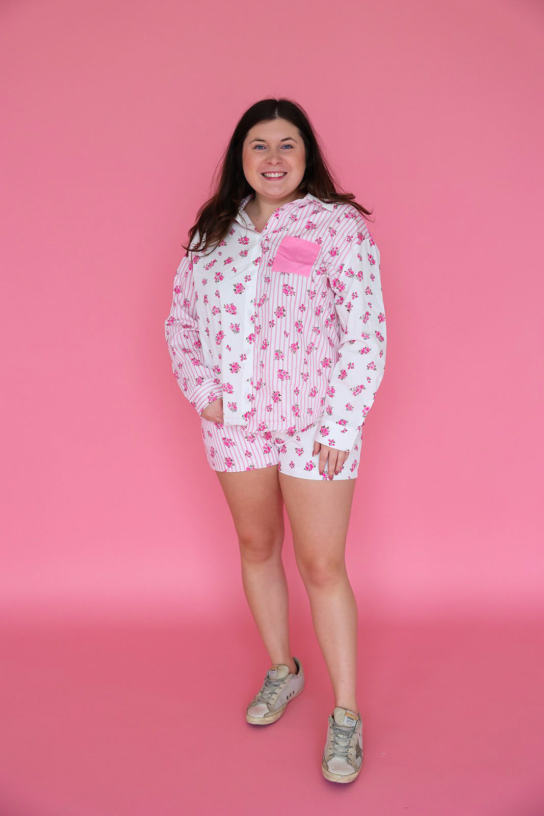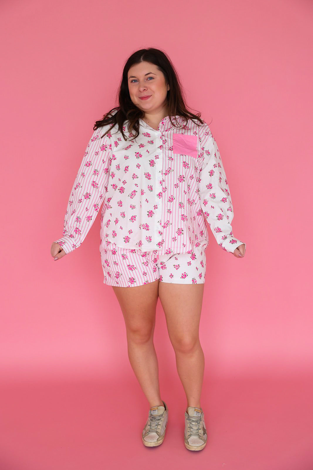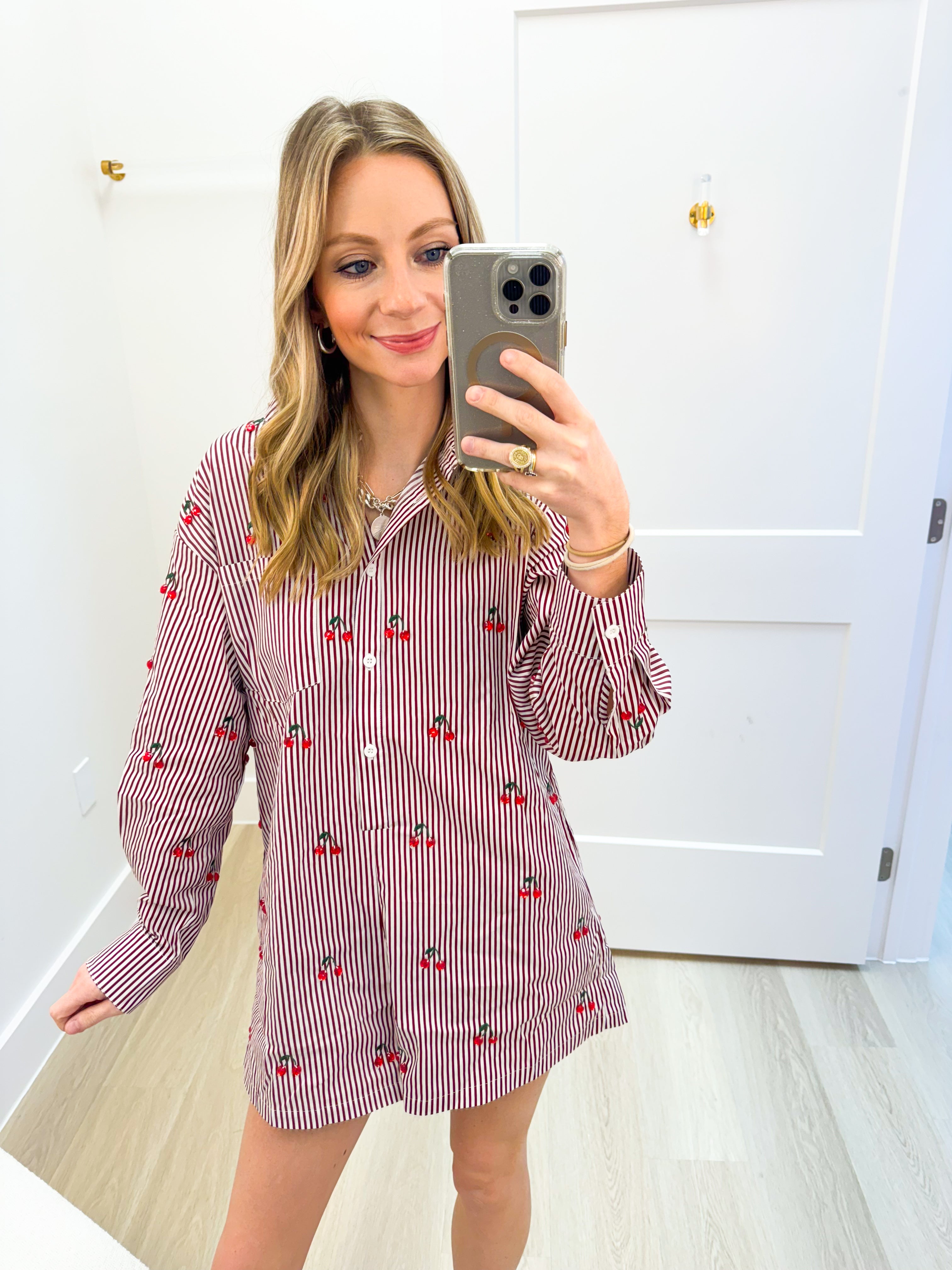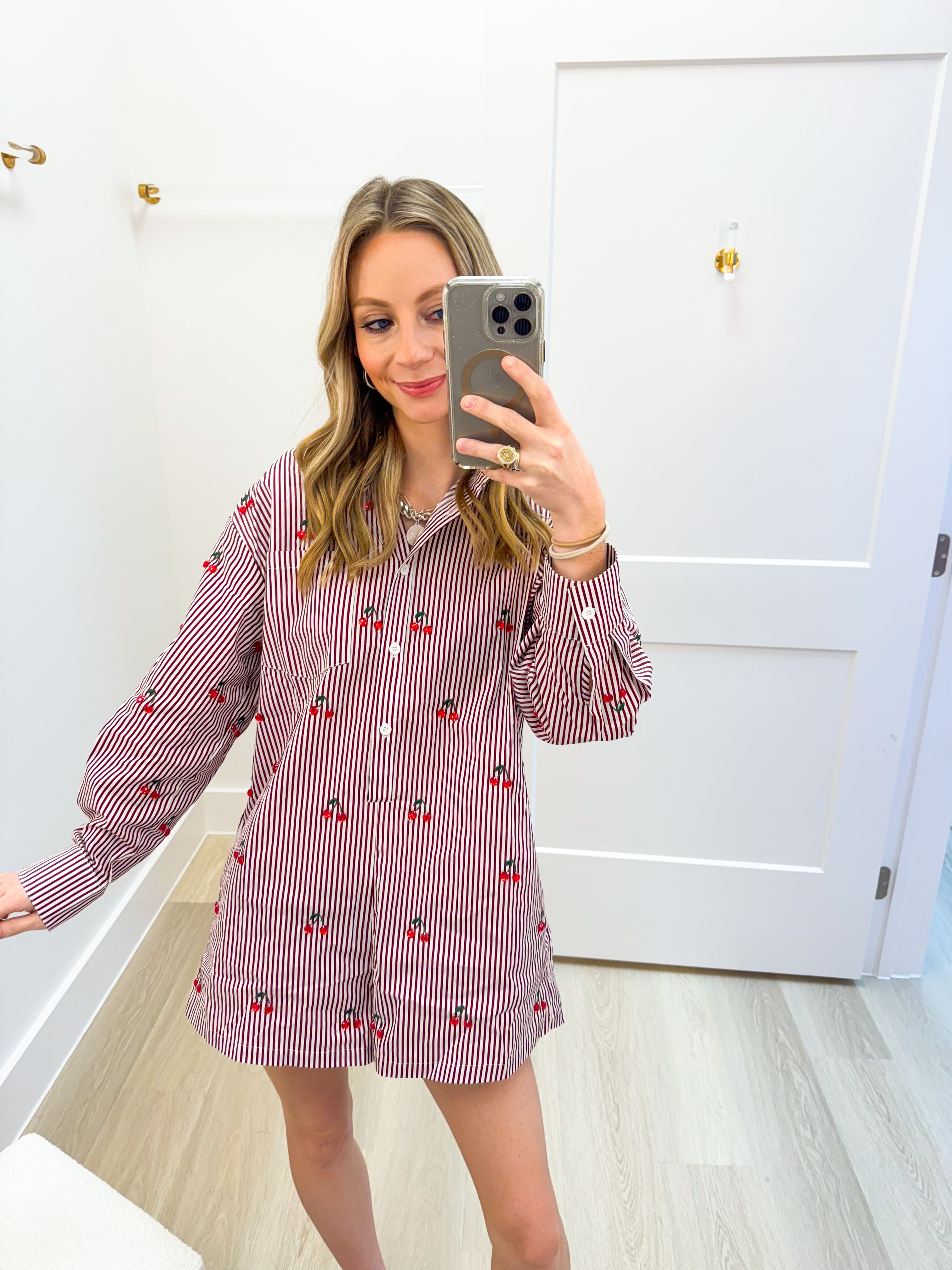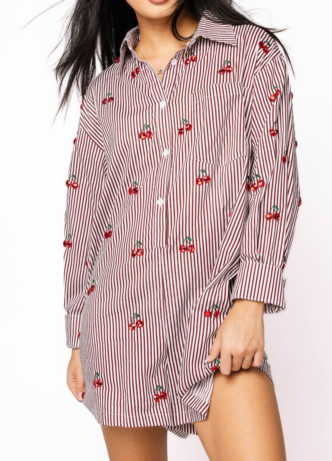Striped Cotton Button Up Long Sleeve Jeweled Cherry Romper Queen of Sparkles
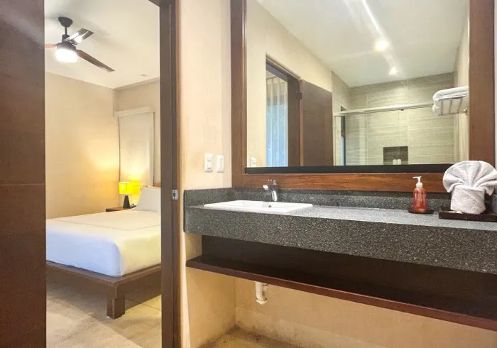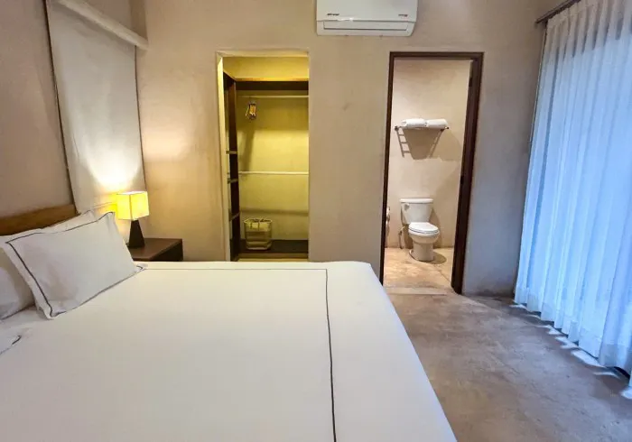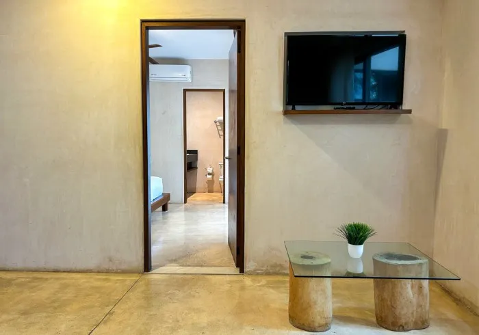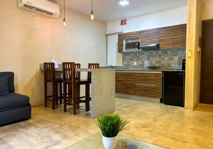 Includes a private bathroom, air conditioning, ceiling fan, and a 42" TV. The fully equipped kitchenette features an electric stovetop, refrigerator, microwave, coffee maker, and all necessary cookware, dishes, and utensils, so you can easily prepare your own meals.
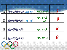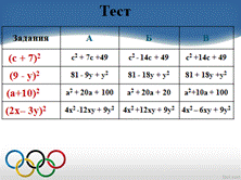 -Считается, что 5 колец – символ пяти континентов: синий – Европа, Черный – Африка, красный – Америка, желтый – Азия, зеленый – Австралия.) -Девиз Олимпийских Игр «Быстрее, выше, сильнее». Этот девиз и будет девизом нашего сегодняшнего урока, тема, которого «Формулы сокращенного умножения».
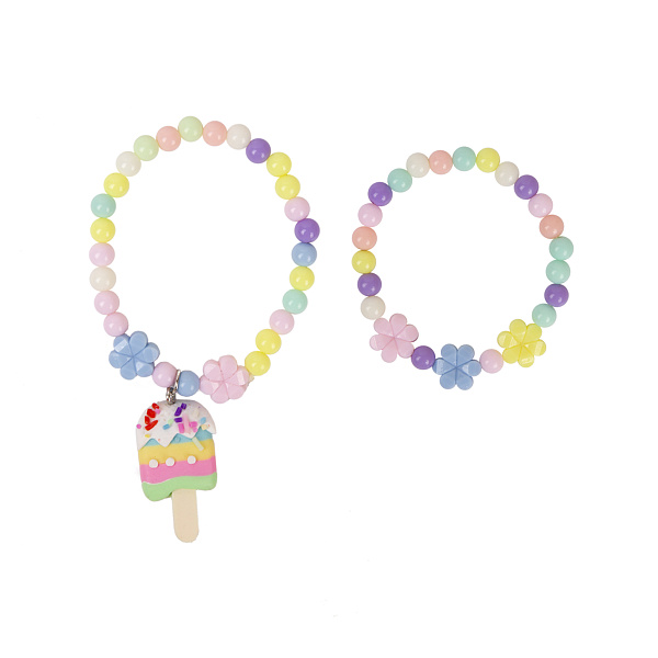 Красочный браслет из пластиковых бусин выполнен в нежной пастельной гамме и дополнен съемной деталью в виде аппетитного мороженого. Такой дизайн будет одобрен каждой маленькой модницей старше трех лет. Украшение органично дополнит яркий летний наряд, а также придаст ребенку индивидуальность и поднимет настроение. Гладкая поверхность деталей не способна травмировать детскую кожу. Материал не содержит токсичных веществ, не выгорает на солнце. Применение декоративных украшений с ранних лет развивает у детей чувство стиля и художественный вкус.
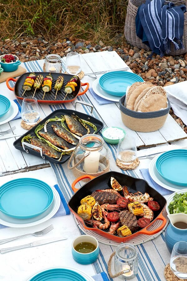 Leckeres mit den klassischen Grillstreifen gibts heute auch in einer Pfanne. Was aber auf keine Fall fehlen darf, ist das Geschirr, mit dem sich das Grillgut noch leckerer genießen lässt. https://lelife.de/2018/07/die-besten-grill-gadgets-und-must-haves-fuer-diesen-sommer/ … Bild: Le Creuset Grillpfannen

***

All of the material above should be copied exactly, minus the pictures.

Output |
Striped Cotton Button Up Long Sleeve Jeweled Cherry Romper Queen of Sparkles
 Includes a private bathroom, air conditioning, ceiling fan, and a 42" TV. The fully equipped kitchenette features an electric stovetop, refrigerator, microwave, coffee maker, and all necessary cookware, dishes, and utensils, so you can easily prepare your own meals.
 -Считается, что 5 колец – символ пяти континентов: синий – Европа, Черный – Африка, красный – Америка, желтый – Азия, зеленый – Австралия.) -Девиз Олимпийских Игр «Быстрее, выше, сильнее». Этот девиз и будет девизом нашего сегодняшнего урока, тема, которого «Формулы сокращенного умножения».
 Красочный браслет из пластиковых бусин выполнен в нежной пастельной гамме и дополнен съемной деталью в виде аппетитного мороженого. Такой дизайн будет одобрен каждой маленькой модницей старше трех лет. Украшение органично дополнит яркий летний наряд, а также придаст ребенку индивидуальность и поднимет настроение. Гладкая поверхность деталей не способна травмировать детскую кожу. Материал не содержит токсичных веществ, не выгорает на солнце. Применение декоративных украшений с ранних лет развивает у детей чувство стиля и художественный вкус.
 Leckeres mit den klassischen Grillstreifen gibts heute auch in einer Pfanne. Was aber auf keine Fall fehlen darf, ist das Geschirr, mit dem sich das Grillgut noch leckerer genießen lässt. https://lelife.de/2018/07/die-besten-grill-gadgets-und-must-haves-fuer-diesen-sommer/ … Bild: Le Creuset Grillpfannen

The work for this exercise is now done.